HB: As in who owns the Holocaust.

AS: Yes, and I was not interested in saying if there is any knowledge of the Holocaust it should come through "MAUS" and not "Schindler's List." On the other hand, the film was a failure for me even if it was a big box office success. That had to do with it not facing up to the problems of representation that come with the territory. I don't think the traditional narrative cinematic mode lends itself well to that issue. Seeing things through the eyes of the protagonist, of a hero, is already dicey. And then there are problems having to do with seeing through the eyes of a Righteous Gentile while still attempting to maintain that this is but one tributary story of the genocide, not to be mistaken for the central drama.
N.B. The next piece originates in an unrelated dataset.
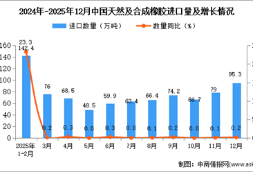 中商情报网讯:据中商产业研究院数据库显示,2025年12月中国天然及合成橡胶(包括胶乳)进口量95.3万吨,同比增长0.2%;1-12月我国天然及合成橡胶(包括胶乳)累计进口量8...【详情】

And there's the usual S & M of Hollywood movies: every sexual moment in the film is followed by a violent moment pertaining to mass death. And there's a kind of ersatz, an attempt to create verisimilitude that couldn't help but fail. It's stupid just to complain the actors were too well-fed, but it's something one has to contend with. An actor does not normally look like a skeleton. You cannot starve actors for two years before letting them appear on the screen, and yet it leads to problems.

The most effective moment for me was one of the weakest bits of the film -- the tail-end when the real survivors are walking next to the actors

HB: Right after they finish singing in Hebrew -- as if all survivors were taught Israeli songs at the very beginning of the Holocaust in case it would come in handy later.

AS: In the middle of this demented moment a different possibility arose. If you'd had the actual survivors walk through the entire movie with the actors showing how it was and how it should be done, you would have had a Pirandello-like movie.

HB: You say the Hollywood narrative is inadequate for the Holocaust. One of the sources cited for the breakdown of traditional narrative is the Holocaust itself, which fractures traditional styles and artistic conventions.

"MAUS", for example, is both extremely serious and, despite it all, delightful. And it is a comic book, so you actually look forward to it, rather than bracing yourself for the emotional wringer of genocide. And you effortlessly introduce meta-narrative; you are writing "MAUS" and at the same time writing about writing it. You keep doubling back, but it's not at all complicated or daunting. It's engaging to see you worrying about the course of the book as you write it. It all comes across naturally.

AS: There's much more of what would later be called postmodernism involved in my earlier comics than there was consciously while I was making "MAUS". Before "MAUS" I was much more involved in deconstructing comics. In "MAUS" I actually made a decision counter to "MAUS" being postmodern -- and yet it is anyway.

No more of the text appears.